А муж её, Завр, под грушей сидел
И сладкие груши, зажмурившись, ел.
Он понимал и Сластю и Тёну,
Дети его пошли в папу сластёну.
Зловредные острова
На «Зловредных островах», в Тихом Океане,
Вредины-зловредины в городах живут,
Совершают гадости вовсе не по пьяни.
Ну, а злостный пакостник – самый главный тут.
Слабых, ох, не любит он, сильных же – тем паче.
Слабым подзатыльники и пинки даёт.
С сильными приходится поступать иначе:
Он им в суп и в чайники всяку гадость льёт.
Вредина-зловредина, а соображает,
Что найдётся кое-кто повредней его,
И, боясь отмщения, в замок улетает,
И не подпускает там к замку никого.
Всё у него схвачено, и, на всякий случай,
Припасён летательный, странный аппарат –
Стратостатик с бочечкой, от сельдей вонючий,
Но и в нём удрать он может, аккурат.
Опасался сильных он, а нашёлся слабый,
Самый неудачливый из островитян.
Даже к его пакостям прибавляли «как бы».
Видно, в воспитании был большой изъян.
Скрылся слабый в бочечку. Кто его здесь сыщет?
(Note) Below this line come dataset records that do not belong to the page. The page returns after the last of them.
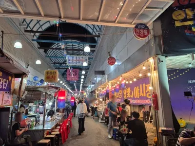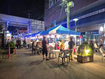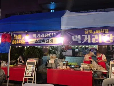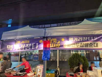 야시장 대표 메뉴들이 줄지어 있었는데요.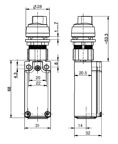Mounting hole diameter 22.5 mm
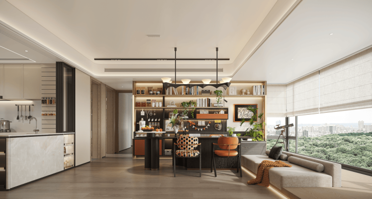 其中,约24㎡的餐客一体化空间,打造了全家人的社交巨厅;约5.7m的IMAX级阳台,种花、观湖、赏星,让小户型也能拥有大阳台的惬意。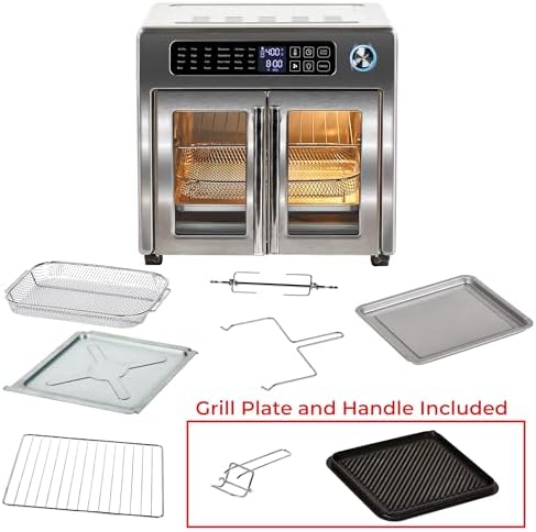 Extra-large 26-quart capacity serves 4–6 people – rotisserie a 6-lb chicken, bake a 12” pizza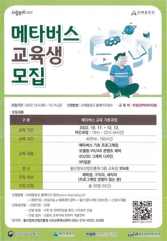 울산광역시에서 과학기술정보통신부「2022년 ICT이노베이션스퀘어 확산사업」일환으로 추진 중인 4차 산업혁명 전문인재 양성 메타버스 교육생을 아래와 같이 모집중에 있사오니, 학생들의 많은 관심과 참여 부탁드립니다.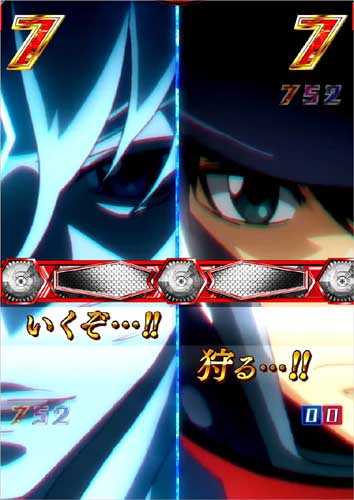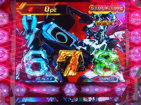 発展契機としての役割が強く、出現する特殊図柄の種類や数が重要。出撃図柄・覚醒図柄・JURIAシステム図柄・ライノス図柄などが停止すれば、各対応演出へと発展。また登場するウルガルのキャラにも注目だ!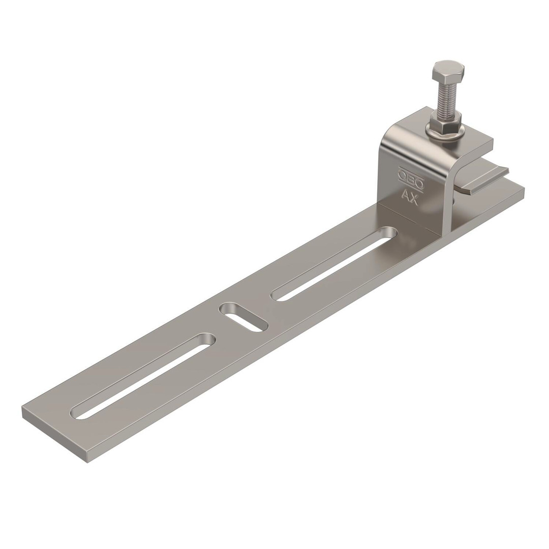 Befestigungsklemmstück zur Montage von leichten Bauteilen an waagerechten Stahlträgern. Geeignet z. B. für Gitterrinnen und Kabelrinnen bis 300 mm Breite oder Schellen. Der Verlauf des am Befestigungsklemmstück angebrachten Kabeltragsystems ist waagerecht.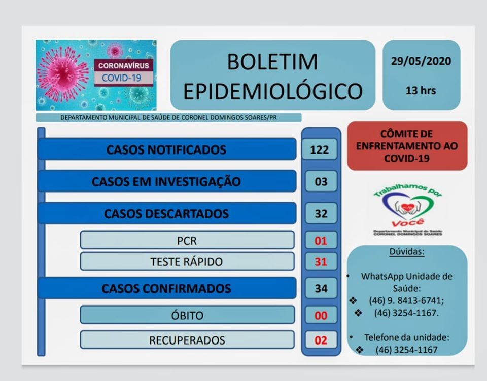 Em uma nova atualização dos casos de coronavirus no município de Coronel Domingos Soares foi registrado novo aumento de exames que deram positivo.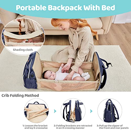 VARLIVOO Zaino Fasciatoio Zaino per Pannolini da Viaggio con Fasciatoio USB Port Borse per Bebè con Porta Ciuccio Portatile Cinghie per Passeggino 2 Isolanti Tasche Poliestere Blu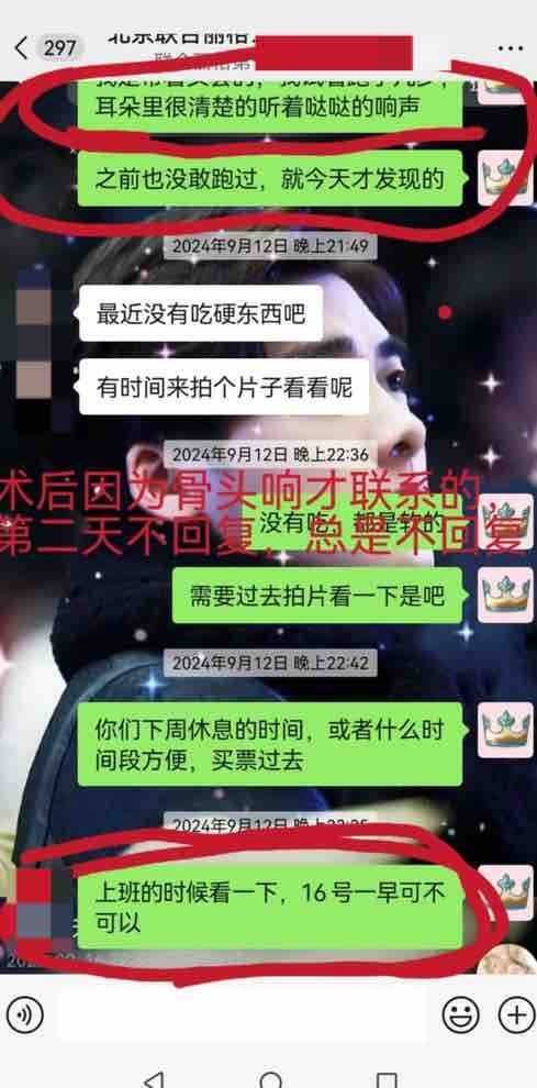 在术后长达一年的恢复期内,该消费者仅因发现一侧骨头有异响(担心手术并发症)而联系过销售三次,但每次均未获得有效回应或协助。第一次联系时,销售让其回北京拍片复诊,她规划好行程并告知复诊时间后,销售却未再回复确认安排。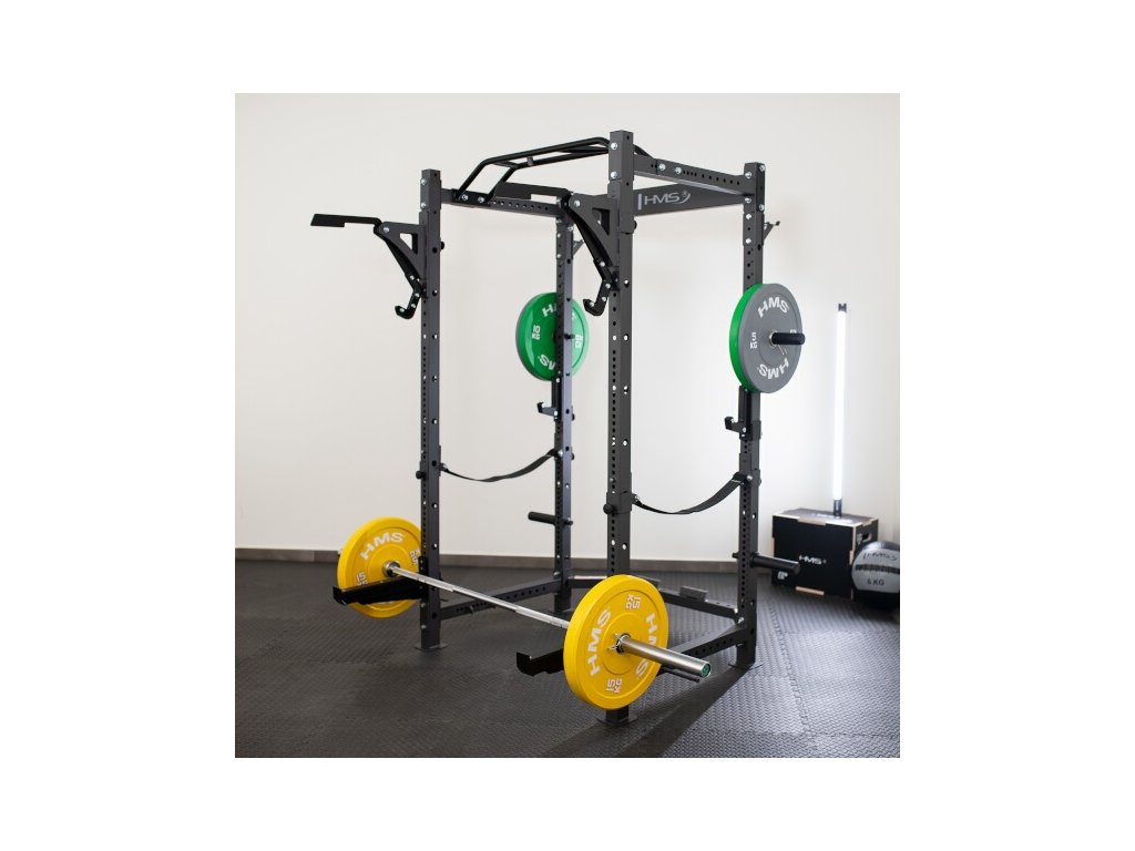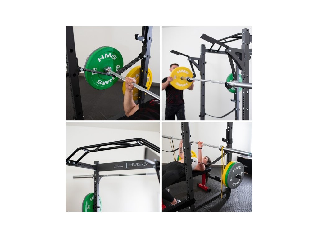 Monolift, který umožňuje provádět dřepy s činkou bezpečným a pohodlným způsobem.

Думал: «Чем напакостить» – да вдруг и уснул.
А над стратостатиком ветер воет, свищет,
А потом от привязей вверх его рванул.
И над океаном, прямиком в Зюзюкино,
Стратостатик «Вредного» этого принёс.
Спал он всю дорогу, ветром убаюканный.
Что же теперь делать нам? Вот большой вопрос.
Зловредный Гвоздь
Зловредный человек, в накидке-невидимке,
По воле случая, в Зюзюкино попал
И здесь торчит, как гвоздь в новёхоньком ботинке.
Не зря Букасенька его Гвоздём прозвал.
Во тьме крадётся он, накидкой укрываясь,
Затем, чтоб муравейник разорить и сжечь,
И поплясать потом, зловредно ухмыляясь.
А муравьёв в лесу ведь надобно беречь.
Для этого Гвоздя игра с огнём – забава.
Вот снова, прячась, он отправился в поход.
Он знает, есть здесь через речку переправа,
И хочет сжечь паром наш «Плотоход».
Но помешала бяке резвая лошадка,
Дала под зад, когда огонь он раздувал.
Гвоздь землю пропахал, пришлось ему не сладко,
До самой чащи, как ошпаренный, бежал.
Не успокоился, стал рыть подкоп под дубом.
На нём Букасенька уже сто лет живёт.
Спасти от гибели тот дуб смогли лишь чудом.
Спасибо, в бой вступил наш славный Борька – крот.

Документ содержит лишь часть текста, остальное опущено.